Doktoru çağırın' dedim. 'Biz telefonu kimseye veremeyiz' dediler. Sabah saat 07.00 gibi beni içeri çağırdılar. Ablam içeri girdi. 'İkisi de ölmüş' dedi. Ben kendimi kaybettim. Sonra eşimin sesini duydum. Eşim 'Allah rızası için doktoru çağırın ben öleceğim. Ağzımdan burnumdan kan akıyor öleceğim, doktoru çağırın. Eşimi çağırın' diye bağırıyordu. 2 hemşire de içeride yatıyordu. Hastalar ölürse ölsün kalırsa kalsın. Bu muamele insanlık dışı şeydir. Tek benim başıma gelmiyor. İsterseniz gidin orada listeyi

alın. Doğum yapan kadınların evlerine gidin sorun. Onların başına neler getiriyorlar. Neler yapıyorlar? Doktor geldiğinde bebeği kaybettiklerini söylediler. Çocuk doktorunu aradılar çocuk servisinde tekrar kalbini çalıştırdılar. Orada iki gün yaşam mücadelesi verdi maalesef bebeği kaybettik. Benim tek istediğim benim başıma gelen başka kimsenin başına gelmesin. Bunların yaptığı insanlık dışı muameledir. Zaten savcılığa başvurdum. Sağlık Müdürlüğü'ne şikayette bulundum."

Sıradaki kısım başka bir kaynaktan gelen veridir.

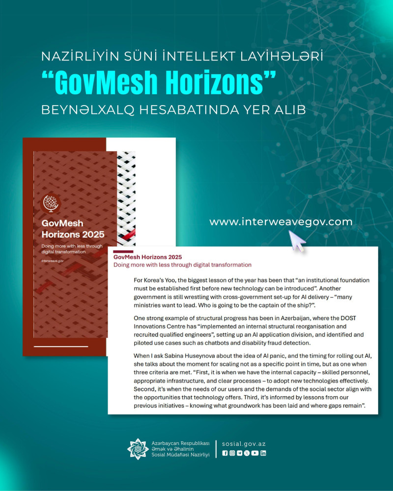 Qaziler.az bildirir ki, hesabatda Əmək və Əhalinin Sosial Müdafiəsi Nazirliyinin tabeliyində DOST Rəqəmsal İnnovasiyalar Mərkəzinin sosial sahədə rəqəmsallaşma istiqamətində təcrübəsi, o cümlədən tətbiq etdiyi süni intellekt layihələri barədə də məlumat verilir. https://www.interweavegov.com/_files/ugd/c0cbec_9d848330b15a427ea0dee5e2016af3ee.pdf
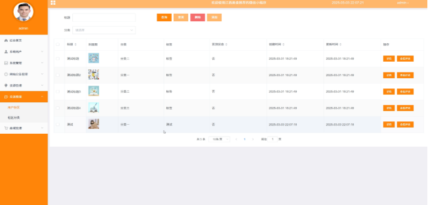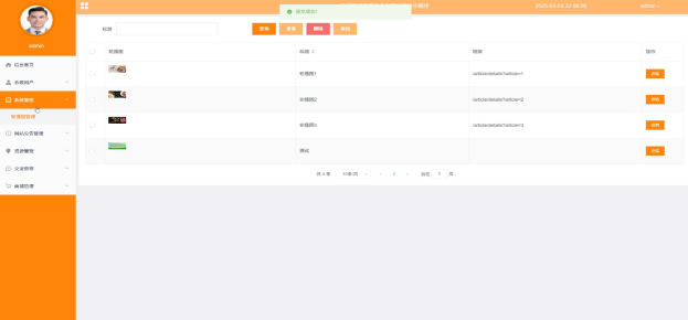- 系统管理:系统管理模块提供了对网站前台展示内容的控制,包括轮播图的添加、删除和查询功能。管理员可以上传新的轮播图,设置其展示顺序和时间,也可以移除不再需要的轮播图,确保网站的展示内容始终是最新的和最吸引人的。
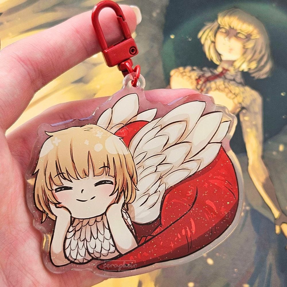 An acrylic charm featuring Chimera Falin from Dungeon Meshi / Delicious in Dungeon.
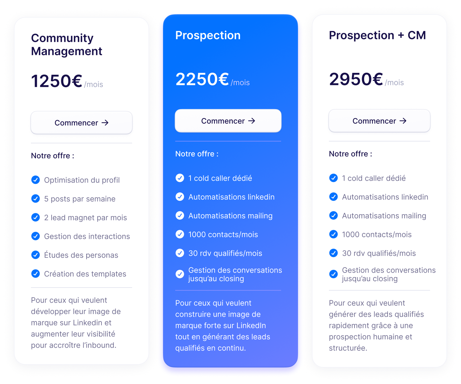 Trouvez de nouveaux clients et devenez visible sur Linkedin Nous vous garantissons au moins 30 RDV qualifiés/mois avec votre client idéal. En bref, on prospecte, vous closez.
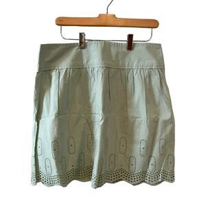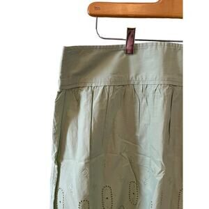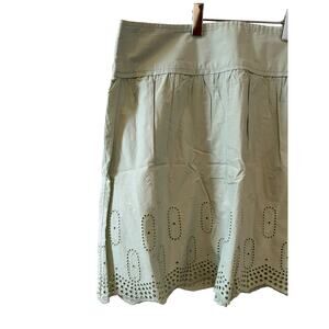 New LOFT Sage Green eyelet embroidered prairie skirt, size 10. Wide waist, back Zipper, fully lined, 100% cotton
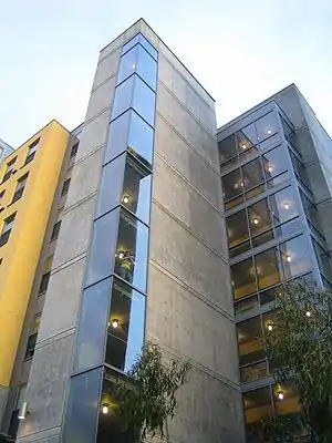 When first built in the 1950s and 1960s, the highrise buildings of Units 1, 2, and 3 consisted of four buildings surrounding a common ground-level dining area above a mail room, recreation room, and office structure. Units 1 and 2 have many of the newest residence hall buildings.[1]

Bebeğini kaybeden acılı anne Sabahat Bayar, Türkçe bilmediği için o gece yaşadıklarını Kürtçe anlattı. Anne Bayar, hastaneye götürüldüğünde durumunun çok kötü olduğunu söyledi. Hemşirelerin kendisiyle ilgilenmediğini iddia eden Bayar, "Hastaneye getirildiğimde çok kötüydüm. Benle ilgilenmedikleri için onlara 'Allah rızası için eşime çağırın gelsin beni alsın. Başka yere götürsün, ameliyat ettirsin beni bu acıdan kurtarsın, dayanamıyorum' diye yalvardım. Oradaki hemşireler ise o kadar rahat bir şekilde

'Senin aklına yeni mi ameliyat olmak geldi. Senin bir hafta önce gelmen gerekiyordu' dediler. Ağzımdan, burnumdan kan akıyordu, susuzluktan ölüyordum. Delirecektim. Onlara defalarca seslendim. Bu devlet Müslüman bir devlet değil midir? Masalara o kadar vurdum ki ellerim kırılacaktı. Hatta karnımda bebeğimle acıya dayanamadığım için yataktan dahi bir kere düştüm. O hasta halimle iki defa gidip doğumhane servisinin kapısını açtım. Eşimin ablası elinden tutup 'Sen yanıma gel bari onlar bana bir bardak su bile

vermiyorlar en azından sen bana biraz su verirsin' dedim. 'Onlar nasıl olsa uyuyorlar gel bari bana biraz su ver ölsem de kurtulsam bu acıdan' dedim. Ben her şeyi oradaki hemşirelere söylememe rağmen bana dediler ki 'Senin nazın bize geçmez. Sen git nazını kocana yap. İki defadır bize sürpriz yapıp kapımıza geliyorsun. Sana yazıklar olsun' Ben de en sonunda kızıp 'Biz hayvan mıyız bize bu muameleyi yapıyorsunuz? Ben de insanım' diye isyan ettim. İki kolumda serum varken oksijen maskesini de benim tutmamı

istediler. Acımdan oralarda deliler gibi dolanıyordum. Şimdi bile sağlıklı düşünemiyorum. Biz de Müslümanız. Benim zaten ağırlarım olmasa ne diye hastaneye gideyim. Ben zaten acım azalsın diye hastaneye gittim. Oradaki hemşireler gidip uyuyup kapılarını da kapatıp kilitliyorlardı. O da yetmezmiş gibi benim odamın da kapısını kapatıp ışığını da söndürüyorlardı" şeklinde konuştu.

Doğum öncesinde ve sonrasında hastanede olan Sebahat Bayar'ın ablası Meryem Çakan da hemşirelerin kapısını defalarca çaldığını ama kendileriyle ilgilenmediğini ileri sürerek, "İçeriden biri gözlerini ovuşturarak kapıyı açtı. Siz yatıyor musunuz' dedim. 'Tabi yatıyorum' dedi. 'Kapıyı açın doktoru çağırın yoksa kadın ölecek' dedim. Saat 24.00'dan 01.00'a kadar bu kadın bağırdı. Bende kapının zilini çaldım 'Bizi niye rahat bırakmıyorsun' dediler. Kadın doğum yapacak. Ben doktoru çağıracağım' dedim. 'Sen

karışma o benim sorunum' dedi. 'O zaman sen çağır, yoksa ölecek. 6-7 saattir bu kadar bağırıyor. İnsan değil mi? Bebeği kaybetmemizin sorumluları o hemşirelerdir" diye konuştu.

Sağlık Müdürlüğü olayla ilgili soruşturma başlatırken, herhangi bir açıklamada bulunulmadı.